Il 2 aprile, in occasione della IX Giornata Mondiale della Consapevolezza sull’Autismo, il mondo si tinge di blu. Blu come il mare, blu come cielo, blu come il colore scelto dall’Onu per l’autismo, per ricordare che tutti possiamo e dobbiamo contribuire per migliorare la qualità di vita delle persone che soffrono di questa sindrome, delle loro famiglie e per sostenere la ricerca scientifica, che permetta di scoprire nuovi metodi efficaci per curare, già dai primissimi mesi di vita, il disturbo dell’autismo.
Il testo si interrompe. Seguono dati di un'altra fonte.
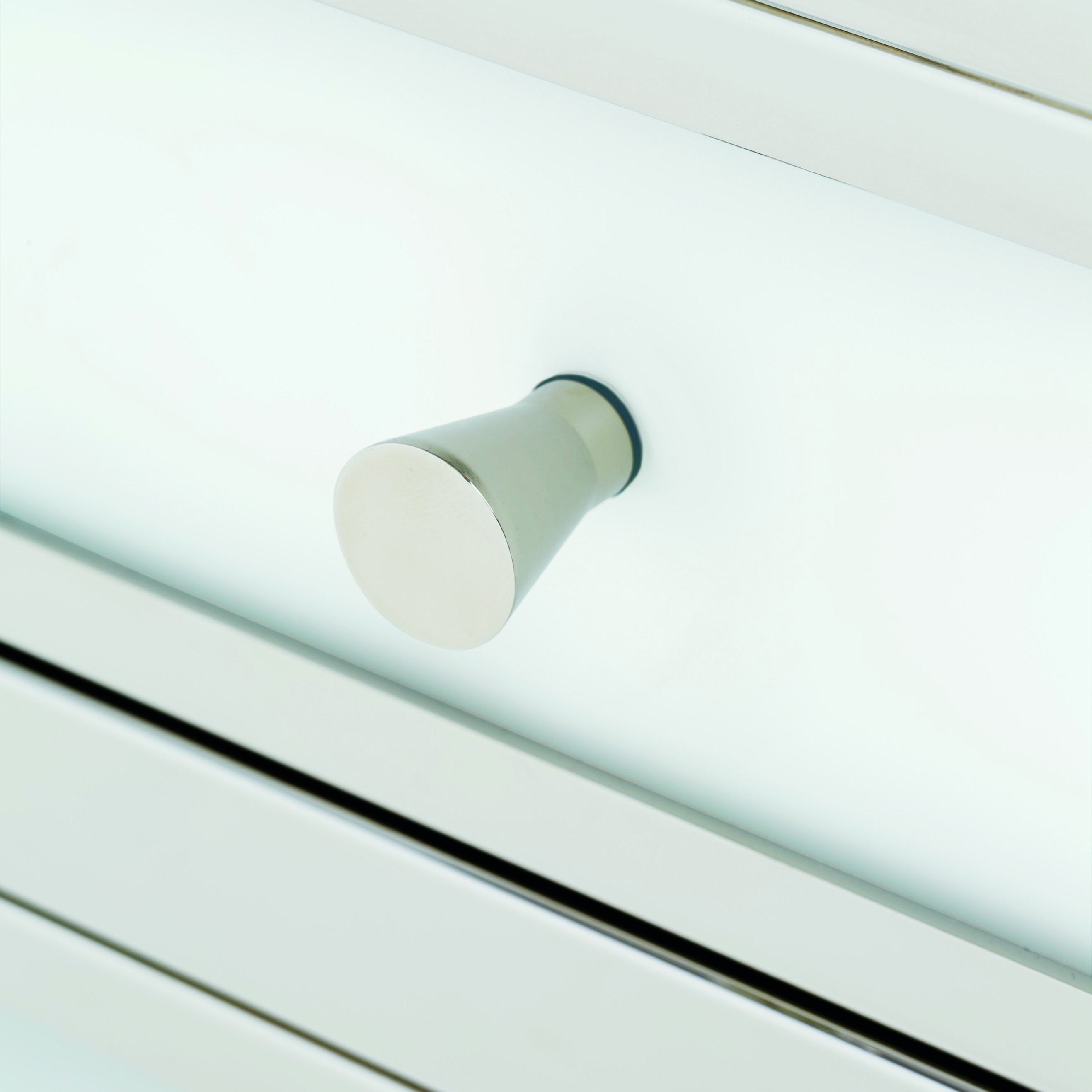 A chic fusion of modern glamour and functional design, this nightstand brings bright, sculptural presence to any bedroom. Clean lines, polished stainless-steel framing, and inset snow glass create a refined, contemporary look while three spacious drawers with white-painted interiors provide organized, everyday storage.
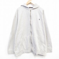 XL★古着 ラルフローレン 長袖 フルジップ スウェット パーカー メンズ ワンポイントロゴ 大きいサイズ 薄グレー 霜降り フード内側サーマル
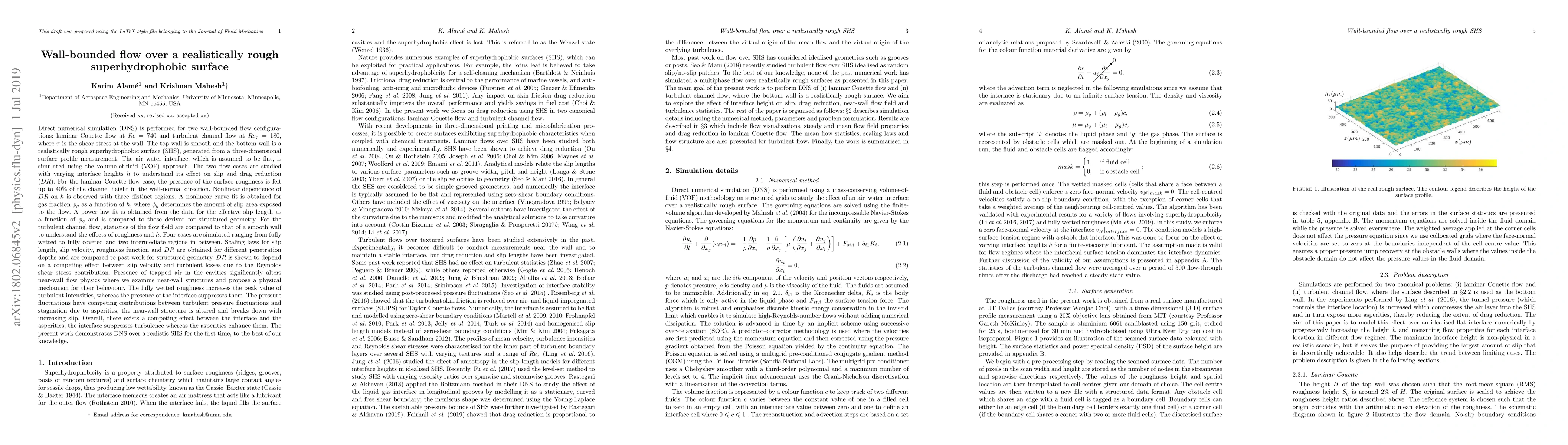 This research uses DNS to study wall-bounded flow over a realistically rough superhydrophobic surface in both laminar Couette and turbulent channel flows. The presence of a superhydrophobic surface with trapped air reduces drag and alters flow behavior, with a nonlinear dependence on interface height. In turbulent flow, the interface suppresses turbulence while the roughness enhances it, creating a competing effect.

Grazie alla collaborazione dell’ANCI, in Italia saranno numerosi i monumenti e le piazze che avranno un distintivo blu. Per il rispetto, l’accettazione e l’inclusione, anche Palazzo Montecitorio, a Roma, si illuminerà di blu, così come nel mondo, il blu tingerà la Statua del Cristo Redentore a Rio de Janeiro, la CN Tower di Toronto, la Burjul Mamlakah –Kingdom Tower di Riyadh in Arabia Saudita, l’Empire State Building di New York, la Willis Tower di Chicago.

Nell’Alto Vicentino, il comune di Thiene ha fatto colorare di blu la fontana ad ingresso della città. Il Toaldi Capra di Schio verrà illuminato di blu per due giorni ed il Comune di Lugo ha fatto diventare blu il municipio.

La IX Giornata Mondiale della Consapevolezza sull’Autismo, dunque, oltre a colorarsi di blu, prevede una mobilitazione internazionale massiccia, per sensibilizzare l’opinione pubblica su una malattia che negli ultimi 40 anni è cresciuta 10 volte. Correttamente chiamata Disturbo dello Spettro Autistico, per descrivere i diversi gradi di gravità in cui si può presentare, la sindrome, a più di sessantanni dalla sua identificazione, è difficile da riconoscere tempestivamente e sono ancora tante le incertezze sulla classificazione del disturbo, e soprattutto sulle cause.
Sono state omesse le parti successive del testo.